The residential skyscraper, designed by French architecture practice Ateliers Jean Nouvel in collaboration with Australian firm PTW, celebrated earlier this year when it was named one of four of the world’s most exceptional buildings.

Now it has outpaced all others to stand alone in the esteem of the CTBUH.

The jurors spent almost a year processing 88 entries, with One Central Park competing directly with the other four finalists in the category: The Edith Green-Wendall Wyatt Federal Building, Portland, USA (Americas); De Rotterdam, Rotterdam, Netherlands (Europe) and Cayan Tower, Dubai, UAE (Middle East & Africa).

While the jury appreciated Cayan’s striking helix shape or the way De Rotterdam saw three mixed-use towers connected to form a classic skyscraper, it was One Central Park’s lofty green presence that impressed.

From the time the design concept was unveiled through to its official opening this year, One Central Park has received worldwide attention for it’s environmental efforts, in particular housing one of the world’s largest en masse vertical gardens, designed by French botanist, Patrik Blanc.

Stretching 116 metres high, the building features a 64,000 square metre green space, using hydroponics and heliostats to grow plants around the periphery of the building at all levels. As its name suggests, the park is inspired by New York’s Central Park, providing green public space in the urban realm. The vertical garden itself spans 1,000 square metres and features 250 species of Australian flowers and plants.

“Every member of the team challenged us to deliver something that was out of the box,” said Michael Goldrick, project management director of Frasers Property. “The Ateliers Jean Nouvel team put together challenges we never really envisioned. It really drove us to deliver what I think for Sydney and Australia is a really iconic building.”

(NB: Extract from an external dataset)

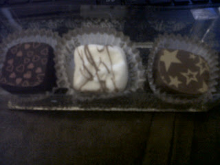 This isn’t a good picture. We had a nice box of 3 chocolate truffles with a gold bow for our wedding favors.
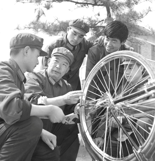 空军保定干休所抗战老兵刘彥海(左二),退休不褪色,常年为群众义务修理自行车,并将技术传授给部分战士和社会青年,被北京军区空军评为“学习雷锋先进个人”。中央人民广播电台多次报道了他的先进事迹。

CTBUH executive director and awards juror Antony Wood said his first look at the project “stopped me dead.”

“There have been major advances in the incorporation of greenery in high-rise buildings over the past few years – but nothing on the scale of this building has been attempted or achieved,” he said. “One Central Park strongly points the way forward, not only for an essential naturalisation of our built environment, but for a new aesthetic for our cities – an aesthetic entirely appropriate to the environmental challenges of our age.”

The vertical garden is complemented by a Sky Garden which cantilevers out from level 29 of the tower. This Sky Garden features the light-directing heliostat system.

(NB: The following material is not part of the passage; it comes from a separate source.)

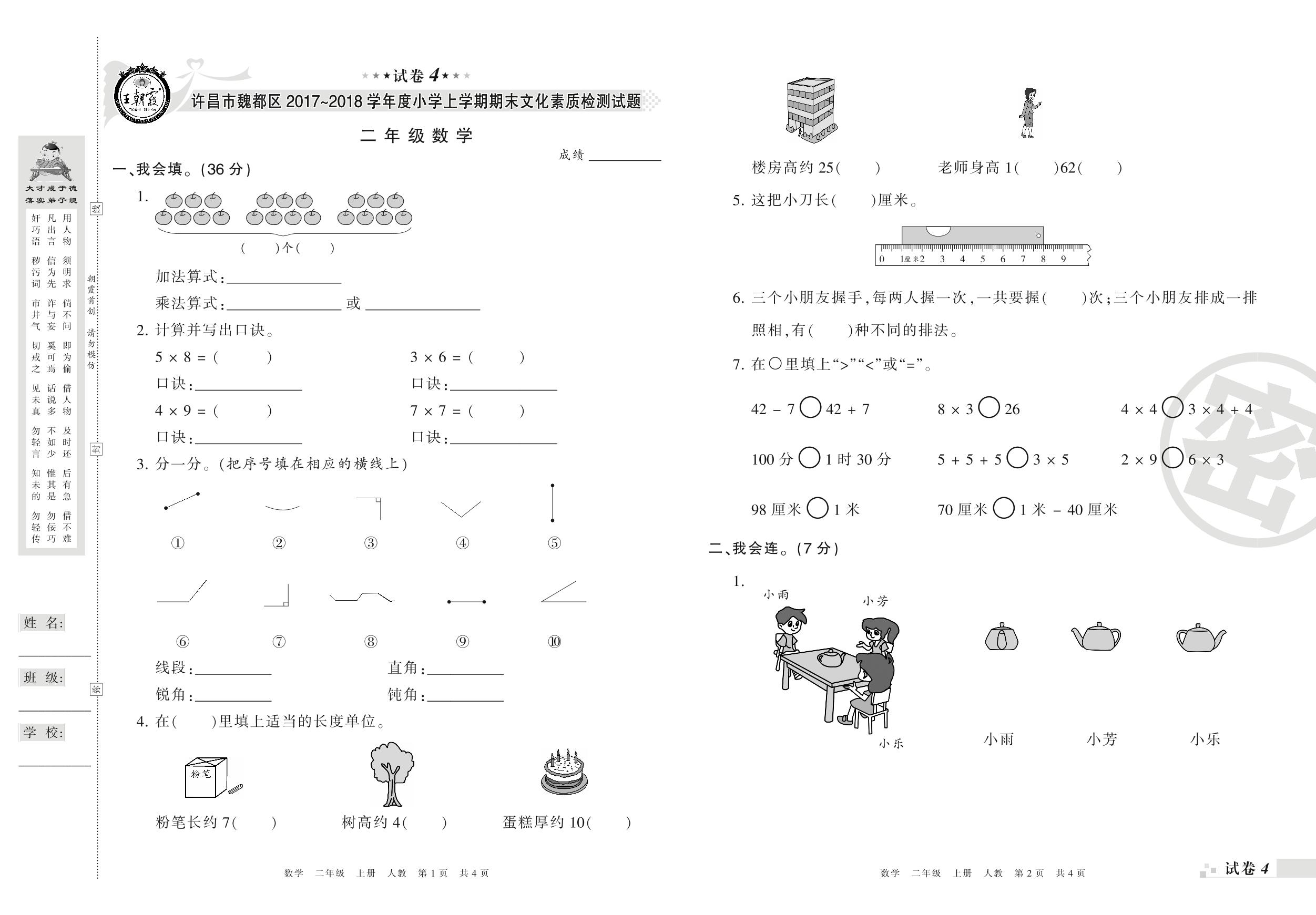 2017-2018学年第一学期许昌市魏都区二年级数学试卷(人教版)【4】

One Central Park has demonstrated the environmental possibilities that exist sky high. The architects have explored the new “forest skyscraper” concept and shown that green architecture can both look and function in an environmentally friendly way, with its foliage and gardens at the heart of the project’s sustainability.

Vertical gardens bring nature into urban centres, improving air quality for their buildings’ inhabitants, contributing to acoustic and insulation support, reducing energy and mitigating the urban heat island effect.

One Central Park will now join some of the world’s most notable skyscraper projects to boast large living walls. The world’s largest according to the Guinness World Records grows on City Development Limited’s Tree House condominium and spans 2,289 square metres over 24 storeys.

The garden’s thermal properties are expected to achieve air-conditioning savings of between 15 and 30 per cent.

Italy’s highly anticipated Bosco Verticale project in Milan by architect Stefano Boeri was also completed this year. The two buildings feature 900 trees and more than 2000 plants.

Close up of Bosco Verticale

Close up of Bosco Verticale

“On flat land, each Vertical forest equals, in amount of trees, an area equal to 7000 m2 of forest,” Boeri says on his website. “In terms of urban densification the equivalent of an area of single family dwellings of nearly 75,000 m2. The vegetal system of the Vertical Forest aids in the construction of a microclimate, produces humidity, absorbs CO2 and dust particles and produces oxygen.”

Sri Lankan residential project Clearpoint Residencies is looking to take the crown for largest vertical garden. The 46-storey building will be wrapped in greenery when construction is completed in April 2016. It will Sri Lanka’s first sustainable building and will feature planted terraces and mango trees. The building will feature a unique drip irrigation system to remove the need for manual watering.